**EXERCISE INSTRUCTIONS**
Output all of the lines below exactly, and leave out each image.

**INFORMATION SHOWN**
• • • • •

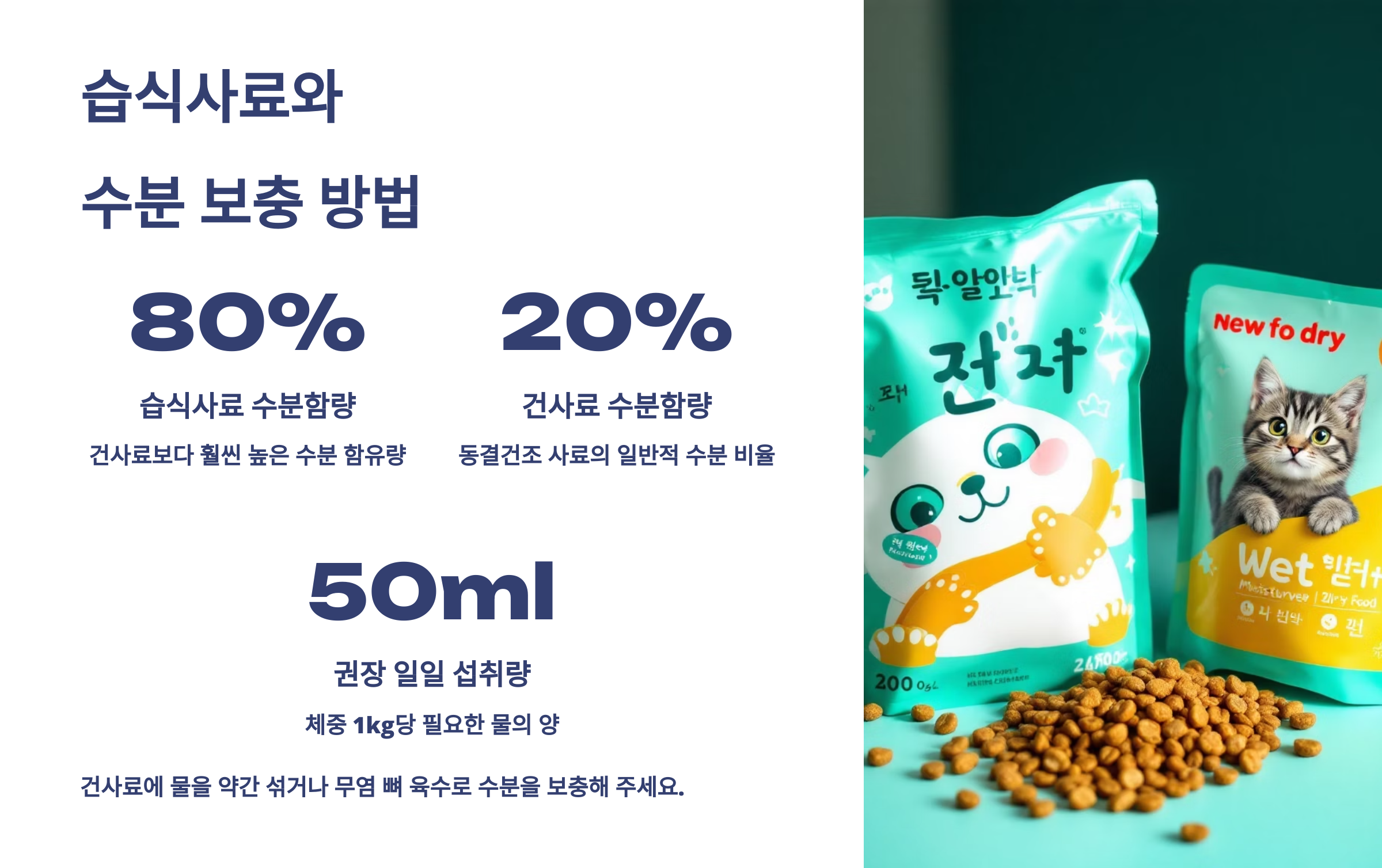 | 체중(kg) | 하루 습식사료 권장량 | 수분 섭취량 | 추가 물 필요량 |
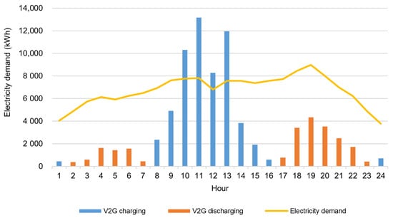 Figure 6 shows the V2G charging, discharging, and electricity demands on April 15 in Model 4. Charging mainly occurred during the daytime, particularly between 08:00 and 16:00 when PV generation was high, while discharging was concentrated in the early morning (around 02:00–07:00) and evening (around 17:00–23:00). This pattern indicates that V2G functioned as a flexible balancing resource by absorbing surplus renewable power during the daytime and supplying electricity during periods of high demand, particularly in the early morning and evening, when solar generation declines.
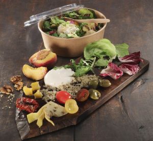 fresh salad, burrata, peach compote, cherry tomatoes, quinoa, artichokes, walnuts, dried tomatoes, olives, aceto balsamico, salt

• • • • •

**ANSWER AREA**
 | 체중(kg) | 하루 습식사료 권장량 | 수분 섭취량 | 추가 물 필요량 |
 Figure 6 shows the V2G charging, discharging, and electricity demands on April 15 in Model 4. Charging mainly occurred during the daytime, particularly between 08:00 and 16:00 when PV generation was high, while discharging was concentrated in the early morning (around 02:00–07:00) and evening (around 17:00–23:00). This pattern indicates that V2G functioned as a flexible balancing resource by absorbing surplus renewable power during the daytime and supplying electricity during periods of high demand, particularly in the early morning and evening, when solar generation declines.
 fresh salad, burrata, peach compote, cherry tomatoes, quinoa, artichokes, walnuts, dried tomatoes, olives, aceto balsamico, salt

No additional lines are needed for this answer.